Short Stories!

All three of my published short stories are now available to read directly on this site, without needing to download from an e-bookstore.

In order of publication, they are:

  • Remembering Turinam – (2013, fantasy, originally published in We See a Different Frontier)
  • The Parched Lands – (2014, science fiction, originally published in Issue 7 of Crossed Genres Magazine)
  • Anpo (The Dawn) – (2021, science fiction, self-published)

If you prefer to read these via an ereader, these stories have been (and still are) available for free download as mobi (Kindle) and epub (everyone else) files on Smashwords, Barnes and Noble, Apple Bookstore, Kobo, and, sigh, yes even Amazon.

Thanks to someone I met at MarsCon for the suggestion! This person was interested in my ideas, took my card after watching me on a panel, followed the QR code on it to my site… and then wondered why she couldn’t read some of my fiction immediately without having to do a transaction (even a free one) at a separate bookseller.

Seems obvious in retrospect, but I’m glad I could fix this now! All of my published stories, including my novel, will continue to be linked from the Stories page.

#IWSG: Audiobooks

On the first Wednesday of every month, members of the Insecure Writer’s Support Group (open to anyone and full of great resources and information for writers) post their answers to a monthly prompt on their blogs.

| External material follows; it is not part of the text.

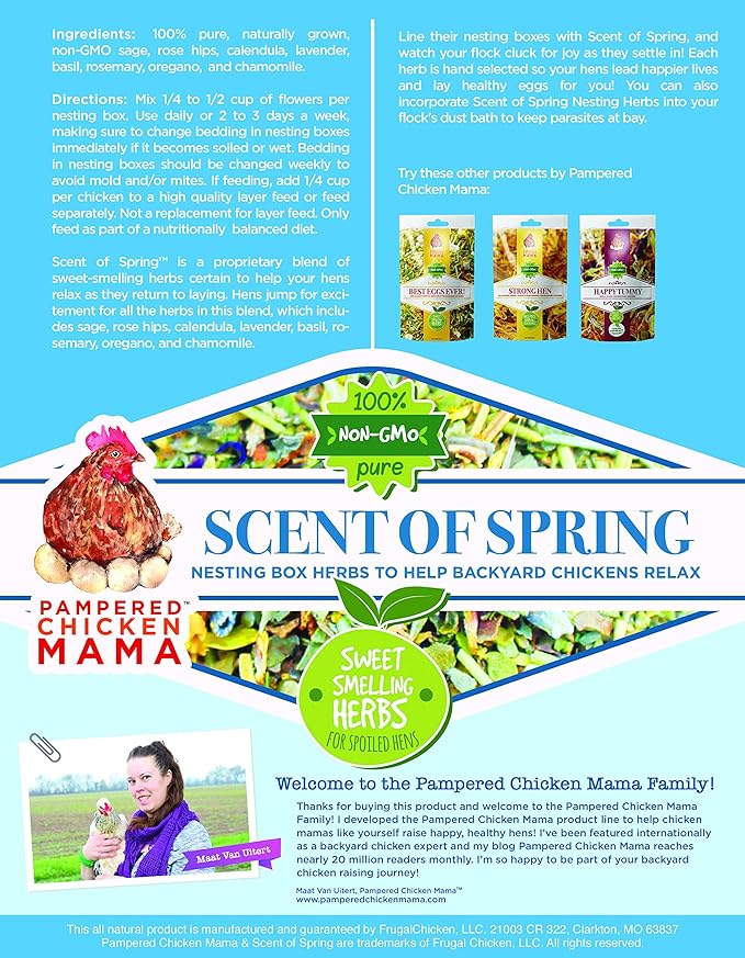 - Made with Organic Herbs: Mix of all-natural nesting herbs for chicken nest boxes, coops, dust baths, and hen houses. These chicken coop herbs are the perfect to scatter amongst chicken bedding.

Authors benefit from getting an insightful prompt for generating more blog content, and IWSG links all respondents, which is a way for writers to discover

April 6 question Have any of your books been made into audio books? If so, what is the main challenge in producing an audiobook?

The short answer is: no.

But if I left it there, that would be a very boring blog post! A better answer might be: I’d like to do that.

Anecdotally, I gather that a significant swath of millennials and younger consume audiobooks, many as their primary (or even only) mode of accessing books. The ability to multitask while driving, getting housework done, or doing anything else seems to make audiobooks ideal for a generation that is constantly on the go. And as people get busier and true downtime to read seems to get ever scarcer, I would guess that audiobooks would continue to see growth as a Thing.

What research I can find seems to support that intuitive conclusion. And further, the fact that I all my previous work is published via Smashwords means that I definitely could do it on my own if I wanted to. So… why not?

The main challenge in producing an audiobook is that either: (a) I would have to pay a professional to do it — and even if I wanted to spend that money, I doubt that would ever be a net positive return on investment at least for my currently published work; or (b) I’d have to do it myself, which means a lot of time that I don’t have. Otherwise, I probably would have done it by now!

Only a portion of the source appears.